*** GIVEN RECORDS ***

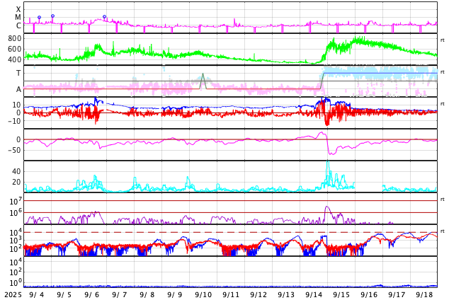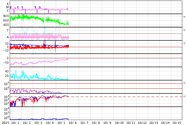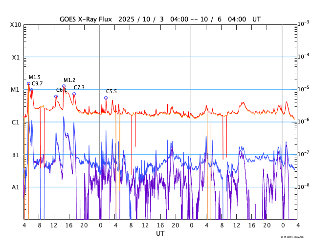 GOES衛星の太陽X線強度。赤・橙 = 0.1〜0.8 nm、青・紫 = 0.05〜0.4 nm (c) データ:NOAA/SWPC、作図:宇宙天気ニュース ![]() | |||||||||||||||||||||||||||||||||||||||||||||||||||||||||||||||||||||||||||||||||||||||||||||||||||||||||||||||||||||||||||||||||||||||||||||||||||||||||||||||||||||||||||||||||||||||||||||||||||||||||||||||||||||||||||||||||||||||||||||||||||||||||||||||||||||
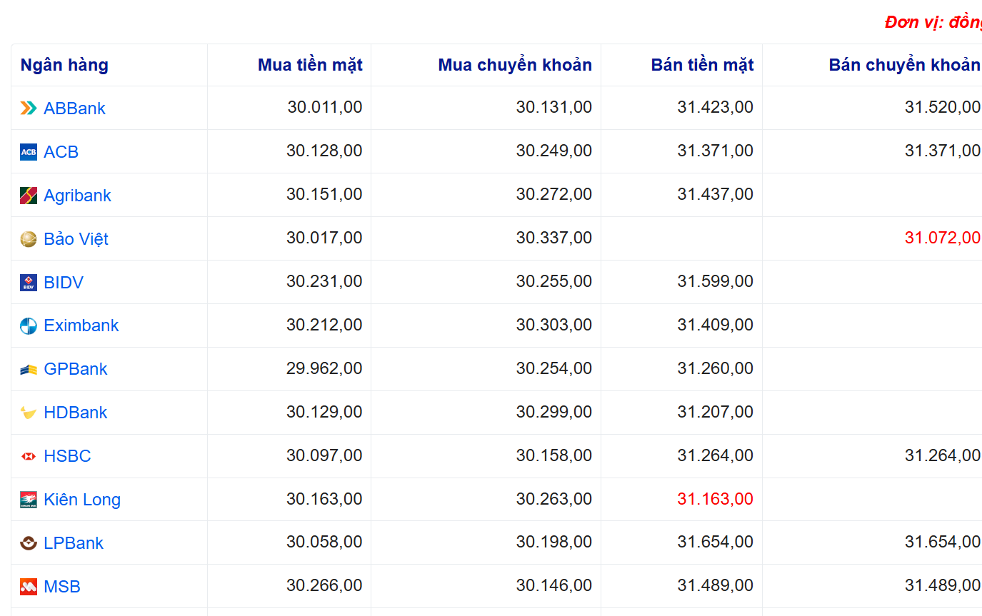 Tỷ giá yên Nhật tại một số ngân hàng:
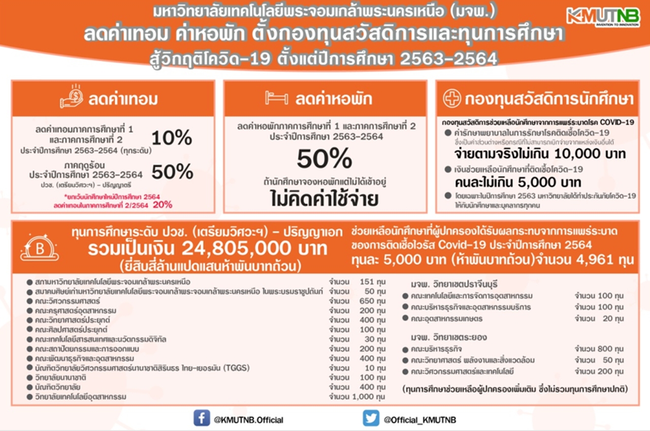 ศ.ดร.สุชาติ เซี่ยงฉิน อธิการบดีมหาวิทยาลัยเทคโนโลยีพระจอมเกล้าพระนครเหนือ (มจพ.) กล่าวว่า จากสถานการณ์โควิด-19 ระลอก 3 ที่กำลังระบาดอย่างหนักอยู่ในขณะนี้ มจพ. ได้มีมาตรการช่วยเหลือนักศึกษาและผู้ปกครองที่ได้รับผลกระทบ เพื่อบรรเทาความเดือดร้อนทั้งทางตรงและทางอ้อม จึงได้พิจารณาให้ความช่วยเหลือค่าใช้จ่ายต่างๆ แก่นักศึกษา ดังนี้
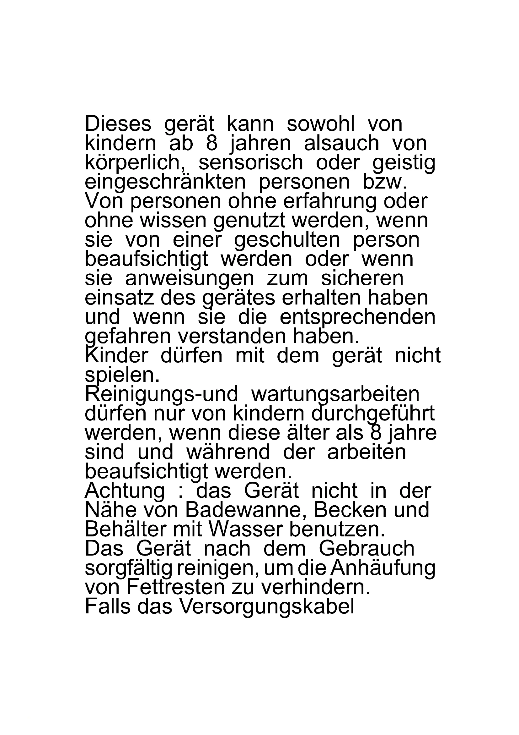 ACHTUNG : lesen Sie die in diesem Heftchen stehenden Anweisungen sorgfältig. Sie geben ihnen nützliche Hinweise hinsichtlich der Sicherheit des Gerätes, der Anwendung und der Instandhaltung. Wichtige Hinweise bitte aufbewahren für späteres Nachlesen. Garantiebescheinigung, skalische Quittung und Bedienungsanleitung für jede spätere Konsultation bitte aufbewahren. Nach Entfernen der Verpackung vergewissere man sich der Integrität des Gerätes und sollte man bei dieser Überprüfung sichtbare Beschädigungen festestellen, das Gerät nicht benutzen und sich direkt an qualiziertes Fachpersonal wenden. Keinerlei Verpackungsteile für Kinder zugänglich zurücklassen, das beschädigt ist, dann darf dieses nur durch einen, vom Hersteller g e n e h m i g t e n , K u n d e n d i e n s t ausgetauscht werden, um jegliches Risiko vorzubeugen. Das Gerät wurde für den Betrieb in Wohnbereichen als gesichts-sauna inhaliergerät gebaut und konzipiert; deshalb ist jeder andersartige Gebrauch als unsachgemäß und daher gefährlich zu betrachten.
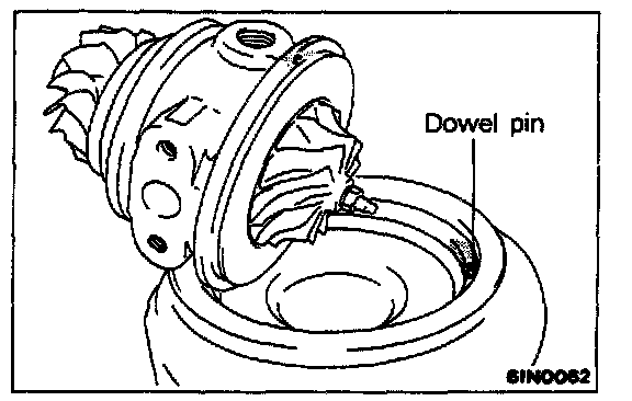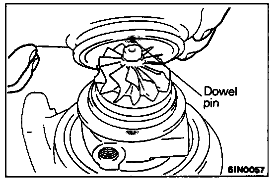 Install the compressor cover and cartridge assembly on the turbine housing with the dowel pin in alignment
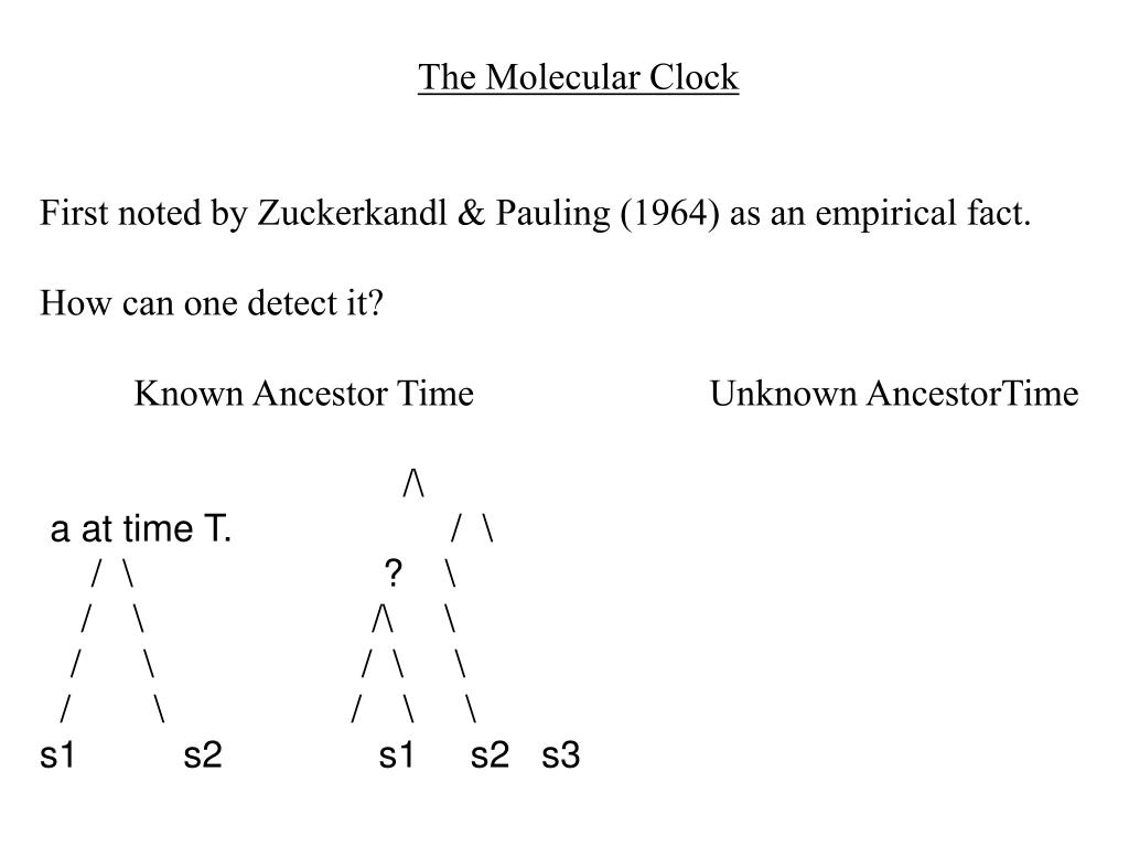 The Molecular Clock First noted by Zuckerkandl & Pauling (1964) as an empirical fact. How can one detect it? Known Ancestor Time Unknown AncestorTime /\ a at time T. / \ / \ ? \ / \ /\ \ / \ / \ \ / \ / \ \ s1 s2 s1 s2 s3

***

## [REQUIRED WORK]
A faithful, complete copy of the entries is required, without the pictures.

## [RESPONSE BOX]
 GOES衛星の太陽X線強度。赤・橙 = 0.1〜0.8 nm、青・紫 = 0.05〜0.4 nm (c) データ:NOAA/SWPC、作図:宇宙天気ニュース ![]() | |||||||||||||||||||||||||||||||||||||||||||||||||||||||||||||||||||||||||||||||||||||||||||||||||||||||||||||||||||||||||||||||||||||||||||||||||||||||||||||||||||||||||||||||||||||||||||||||||||||||||||||||||||||||||||||||||||||||||||||||||||||||||||||||||||||
 Tỷ giá yên Nhật tại một số ngân hàng:
 ศ.ดร.สุชาติ เซี่ยงฉิน อธิการบดีมหาวิทยาลัยเทคโนโลยีพระจอมเกล้าพระนครเหนือ (มจพ.) กล่าวว่า จากสถานการณ์โควิด-19 ระลอก 3 ที่กำลังระบาดอย่างหนักอยู่ในขณะนี้ มจพ. ได้มีมาตรการช่วยเหลือนักศึกษาและผู้ปกครองที่ได้รับผลกระทบ เพื่อบรรเทาความเดือดร้อนทั้งทางตรงและทางอ้อม จึงได้พิจารณาให้ความช่วยเหลือค่าใช้จ่ายต่างๆ แก่นักศึกษา ดังนี้
 ACHTUNG : lesen Sie die in diesem Heftchen stehenden Anweisungen sorgfältig. Sie geben ihnen nützliche Hinweise hinsichtlich der Sicherheit des Gerätes, der Anwendung und der Instandhaltung. Wichtige Hinweise bitte aufbewahren für späteres Nachlesen. Garantiebescheinigung, skalische Quittung und Bedienungsanleitung für jede spätere Konsultation bitte aufbewahren. Nach Entfernen der Verpackung vergewissere man sich der Integrität des Gerätes und sollte man bei dieser Überprüfung sichtbare Beschädigungen festestellen, das Gerät nicht benutzen und sich direkt an qualiziertes Fachpersonal wenden. Keinerlei Verpackungsteile für Kinder zugänglich zurücklassen, das beschädigt ist, dann darf dieses nur durch einen, vom Hersteller g e n e h m i g t e n , K u n d e n d i e n s t ausgetauscht werden, um jegliches Risiko vorzubeugen. Das Gerät wurde für den Betrieb in Wohnbereichen als gesichts-sauna inhaliergerät gebaut und konzipiert; deshalb ist jeder andersartige Gebrauch als unsachgemäß und daher gefährlich zu betrachten.
 Install the compressor cover and cartridge assembly on the turbine housing with the dowel pin in alignment
 The Molecular Clock First noted by Zuckerkandl & Pauling (1964) as an empirical fact. How can one detect it? Known Ancestor Time Unknown AncestorTime /\ a at time T. / \ / \ ? \ / \ /\ \ / \ / \ \ / \ / \ \ s1 s2 s1 s2 s3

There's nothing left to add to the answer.